The use of copper to make cast iron with a high concentration of silicon is not able to completely eliminate the so-called ferruginization of the mixture during annealing. The result is a product with low elasticity.
Solubility in mercury
When mercury is mixed with metals of other elements, amalgams are obtained. This process can take place at room temperature, because under such conditions Pb is a liquid. The solubility of copper in mercury passes only during heating. The metal must first be crushed. When wetting solid copper with liquid mercury, one substance interpenetrates another or diffuses. The solubility value is expressed as a percentage and is 7.4*10 -3 . The reaction produces a solid simple amalgam, similar to cement. If you heat it up a bit, it will soften. As a result, this mixture is used to repair porcelain items. There are also complex amalgams with an optimal metal content. For example, in a dental alloy there are elements of copper and zinc. Their number in percentage refers as 65:27:6:2. Amalgam with this composition is called silver. Each component of the alloy performs a specific function, which allows you to get a high quality seal.

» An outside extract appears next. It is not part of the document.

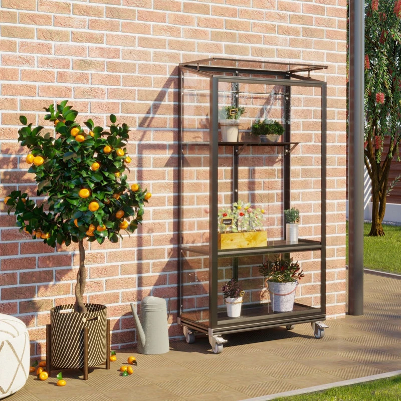 La serre de jardin Polis 350 du fabricant Vitavia est spécialement conçue pour les balcons et les petits espaces. Avec son faible encombrement au sol de 43x81cm et son montage sur roulettes, elle s’installe aisément dans un coin de votre terrasse et peut être déplacée à tout moment, si besoin.

Another example is the amalgam alloy, which has a high copper content. It is also called copper alloy. The composition of the amalgam contains from 10 to 30% Cu. The high copper content prevents the interaction of tin with mercury, which prevents the formation of a very weak and corrosive phase of the alloy. In addition, reducing the amount of silver in the filling leads to a reduction in price. For the preparation of amalgam, it is desirable to use an inert atmosphere or a protective liquid that forms a film. The metals that make up the alloy are able to quickly oxidize with air. The process of heating cuprum amalgam in the presence of hydrogen leads to the distillation of mercury, which allows the separation of elemental copper. As you can see, this topic is easy to learn. Now you know how copper interacts not only with water, but also with acids and other elements.